What Have Inspectors Found at Heartland Rehabilitation And?

State health inspectors documented 11 deficiencies at HEARTLAND REHABILITATION AND CARE CENTER during 2023 to 2025. These included: 11 with potential for harm.

Who Owns and Operates Heartland Rehabilitation And?

HEARTLAND REHABILITATION AND CARE CENTER is owned by a for-profit company. For-profit facilities operate as businesses with obligations to shareholders or private owners. The facility is operated by SOUTHERN ADMINISTRATIVE SERVICES, a chain that manages multiple nursing homes. With 140 certified beds and approximately 72 residents (about 51% occupancy), it is a mid-sized facility located in BENTON, Arkansas.

How Does Heartland Rehabilitation And Compare to Other Arkansas Nursing Homes?

Compared to the 100 nursing homes in Arkansas, HEARTLAND REHABILITATION AND CARE CENTER's overall rating (5 stars) is above the state average of 3.2, staff turnover (45%) is near the state average of 46%, and health inspection rating (5 stars) is much above the national benchmark.

What Should Families Ask When Visiting Heartland Rehabilitation And?

Based on this facility's data, families visiting should ask: "Can I visit during a mealtime to observe dining assistance and food quality?" "How do you handle medical emergencies, and what is your hospital transfer rate?" "Can I speak with family members of current residents about their experience?"

Is Heartland Rehabilitation And Safe?

Based on CMS inspection data, HEARTLAND REHABILITATION AND CARE CENTER has a clean safety record: no substantiated abuse findings (meaning no confirmed cases of resident harm), no Immediate Jeopardy citations (the most serious violation level indicating risk of serious injury or death), and is not on the Special Focus Facility watch list (a federal program monitoring the lowest-performing 1% of nursing homes). The facility has a 5-star overall rating and ranks #1 of 100 nursing homes in Arkansas. While no facility is perfect, families should still ask about staff-to-resident ratios and recent inspection results during their visit.

Do Nurses at Heartland Rehabilitation And Stick Around?

HEARTLAND REHABILITATION AND CARE CENTER has a staff turnover rate of 45%, which is about average for Arkansas nursing homes (state average: 46%).

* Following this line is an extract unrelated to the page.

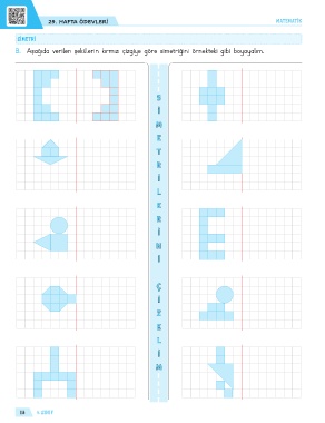 B. Aşağıda verilen şekillerin kırmızı çizgiye göre simetriğini örnekteki gibi boyayalım.

Moderate turnover is common in nursing homes, but families should still ask about staff tenure and how the facility maintains care continuity when employees leave.

Was Heartland Rehabilitation And Ever Fined?

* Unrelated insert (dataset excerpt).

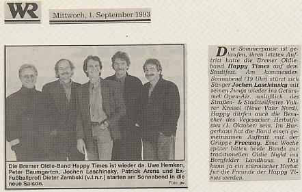 "Schöne Zeiten mit den Happy Times" aus Weser Report vom 05.03.1995

HEARTLAND REHABILITATION AND CARE CENTER has no federal fines on record. CMS issues fines when nursing homes fail to meet care standards or don't correct problems found during inspections. The absence of fines suggests the facility has either maintained compliance or corrected any issues before penalties were assessed. This is a positive indicator, though families should still review recent inspection reports for the full picture.

Is Heartland Rehabilitation And on Any Federal Watch List?

HEARTLAND REHABILITATION AND CARE CENTER is not on any federal watch list. The most significant is the Special Focus Facility (SFF) program, which identifies the bottom 1% of nursing homes nationally based on persistent, serious quality problems. Not being on this list means the facility has avoided the pattern of deficiencies that triggers enhanced federal oversight. This is a positive indicator, though families should still review the facility's inspection history directly.